Question

In: Finance

. What is the change in share price if a company spends its extra $600,000 to...

. What is the change in share price if a company spends its extra $600,000 to buy back stocks at $31 per share instead of paying $600,000 in cash dividends? The next-period market value of equity is $2,500,000, and 100,000 shares are currently outstanding, with a cost of equity of 15 percent.

Solutions

Expert Solution

Next period market value of the equity = $2,500,000

no. of shares outstanding = 100,000 shares

Market value per share = Next period market value of the equity/ no. of shares outstanding = $2,500,000/ 100,000 = $25

Company wants to spend extra $600,000 to buyback its shares. That means company's total spending will be market value plus extra spending of the company.

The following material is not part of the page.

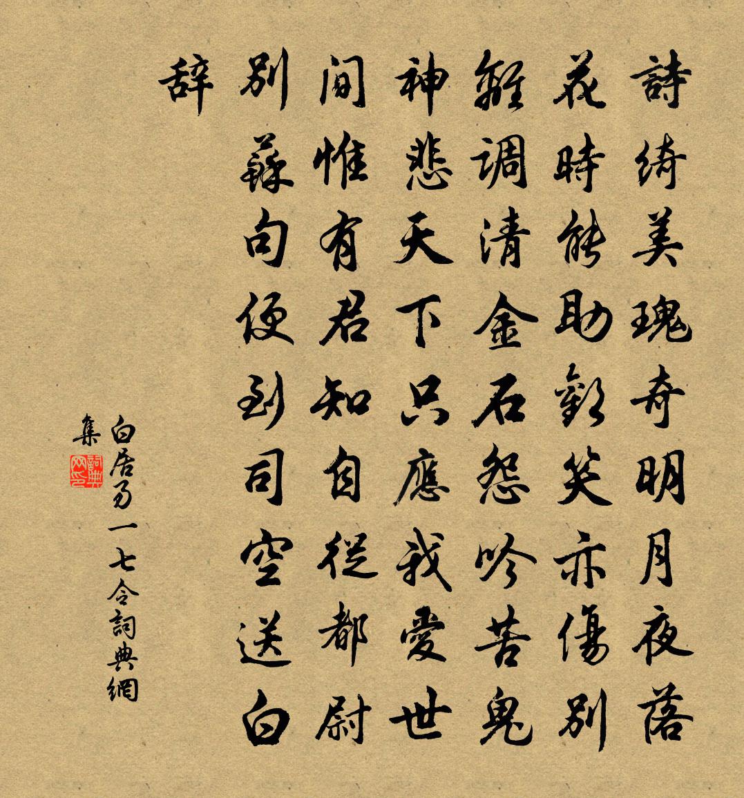 詩詞名句歷史字典書法欣賞書法字典國語詞典說文解字康熙字典古漢語字典標 題 作 者 詩 句 一七令作者:白居易 朝代:唐代一七令原文詩,綺美,瑰奇。明月夜,落花時。能助歡笑,亦傷別離。調清金石怨,吟苦鬼神悲。天下只應我愛,世間惟有君知。自從都尉別蘇句,便到司空送白辭。詩詞問答問:一七令的作者是誰?答:白居易問:一七令寫於哪個朝代?答:唐代問:一七令是什麼體裁?答:雜言問:白居易的名句有哪些?答:白居易名句大全白居易一七令書法欣賞一七令書法作品詩詞推薦秋日次前輩新年韻陸游〔宋代〕殘年垂九十,雲鬢不勝繁。賣屨糴炊米,典衣租廢園。山深雲滿屋,夜靜月當門。鄰曲時相過,扶行賴稚孫。詩狂楊公遠〔宋代〕掬取長江供硯水,借將碧漢作蠻箋。興來拈起如椽筆,大詠高吟欲上天。杭州訪吉祥璘上人追感蘇才翁同賞牡丹蔡襄〔宋代〕曾乘春飲繞花畦,花底余香入燕泥。剪處佳人傳燭下,歸時明月到雲西。重來草樹驚秋色,零落交朋感舊題。若使題自畫蘆雁李膺仲〔宋代〕晚來無事理扁舟,喚起騷人漫浪愁。過眼飛鴻三兩字,淡煙寒日荻花秋。句釋居昱〔宋代〕松聲和雨聽,山色帶雲看。越中遇寒食施肩吾〔唐代〕去歲清明霅溪口,今朝寒食鏡湖西。信知天地心不易,還有子規依舊啼。潘大臨蓮池二首張耒〔宋代〕避暑人人得自怡,坐曹最苦劇囚累。江邊金石焦流日,堂上糟漿酷烈時。一酌甘寒煩素綆,終朝揮拂倦蒲葵。誰知送魯玉太博輓詞三首梅堯臣〔宋代〕自昔稱王謝,於今亦盛門。尚看珠樹秀,應見玉麟存。書史辛勤學,文章苦死論。都然莫施設,恨尚九原吞。過三山寺唐彥謙〔唐代〕三山江上寺,宮殿望岧嶢。石徑侵高樹,沙灘半種苗。一僧歸晚日,群鷺宿寒潮。遙聽風鈴語,興亡話六朝。游齊山趙蕃〔宋代〕借馬訪齊山,奔行不待銜。舊來聞若渴,今日嗜如饞。故喜地殊勝,卻嫌僧近凡。誰能一除洗,更出萬嵌岩。松竹間釋文珦〔宋代〕瘦竹老松間,閒房僅容膝。棲遲非一朝,謝遣用三術。泉落雙澗清,雲消從山出。誰能強予遷,愛此成痼疾。同子肅過玉汝飲題玉汝壁二首趙蕃〔宋代〕晚日雖雲短,故情能爾長。杯行要陶寫,賦就復淒涼。此別會不免,有懷寧遽忘。明當視清鏡,應已變蒼蒼。詰貓劉琰〔宋代〕古人養客乏車魚,今汝何功客不如。飯有溪魚眠有毯,忍教鼠齧案頭書。婢態万俟紹之〔宋代〕才入園中便折花,廚頭坐語是生涯。不時掐數週年限,每事誇稱舊主家。遷怒故將甌碗擲,俲{左目右賓}剛借粉句王隨〔宋代〕印苔多鶴跡,題壁半僧名。虞美人崔木〔宋代〕春來秋往何時了。心事知多少。深深庭院悄無人。獨自行來獨坐、若為情。雙旌聲勢雖雲貴。終是誰存濟。今宵已賜陳摶宋太宗〔宋代〕曾向前朝出白雲,後來訊息杳無聞。如今若肯隨徵召,總把三峰乞與君。送李道士文同〔宋代〕先生若孤雲,兩在隆山見。清標瘦彌聳,秀骨老愈健。高談吐深詣,大句寫精鏈。忽起憶鵝池,肏飛石泉濺。答謝法曹劉克莊〔宋代〕二詩簡澹掃穠華,作者幾無以復加。璧十五城方定價,桃三千歲一開花。選騷意度卑唐體,晉宋文章讓謝家。莫道臨江仙·滾滾長江東逝水楊慎〔明代〕滾滾長江東逝水,浪花淘盡英雄。是非成敗轉頭空。青山依舊在,幾度夕陽紅。白髮漁樵江渚上,慣看秋月春風。名句推薦傷心千里江南,怨曲重招,斷魂在否?吳文英《鶯啼序·春晚感懷》 一曲陽關,斷腸聲盡,獨自憑蘭橈柳永《少年游·參差煙樹灞陵橋》 情似遊絲,人如飛絮。淚珠閣定空相覷。周紫芝《踏莎行·情似遊絲》 黃鸝驚夢破,青鳥喚春還。張弘范《臨江仙·憶舊》 話說多,不如少。惟其是,勿佞巧。李毓秀《弟子規·信》 落花夜雨辭寒食。塵香明日城南陌。吳文英《菩薩蠻·落花夜雨辭寒食》 蛛絲暗鎖紅樓,燕子穿簾處。吳文英《荔枝香近·七夕》 落木千山天遠大,澄江一道月分明。黃庭堅《登快閣》 說法者無法可說。是名說法。鳩摩羅什譯《金剛經·非說所說》 千里澄江似練,翠峰如簇。王安石《桂枝香·登臨送目》

Total cost of buyback = $2,500,000 + $600,000 = $3,100,000

Buyback price per share = $3,100,000/ 100,000 = $31

When a company announces buyback the price of that stock will definitely goes up because after buyback the no. of shares outstanding will be reduced and g=hence the shareholders will get more earnings per share than before.

Change in stock price = (buyback price - market price)/ market price

= ($31 - $25)/ $25

Change in stock price = $6/ $25 = 0.24

Change in stock price = 24%

Therefore, there is 24% increase in stock price of the company after it announcing a buyback.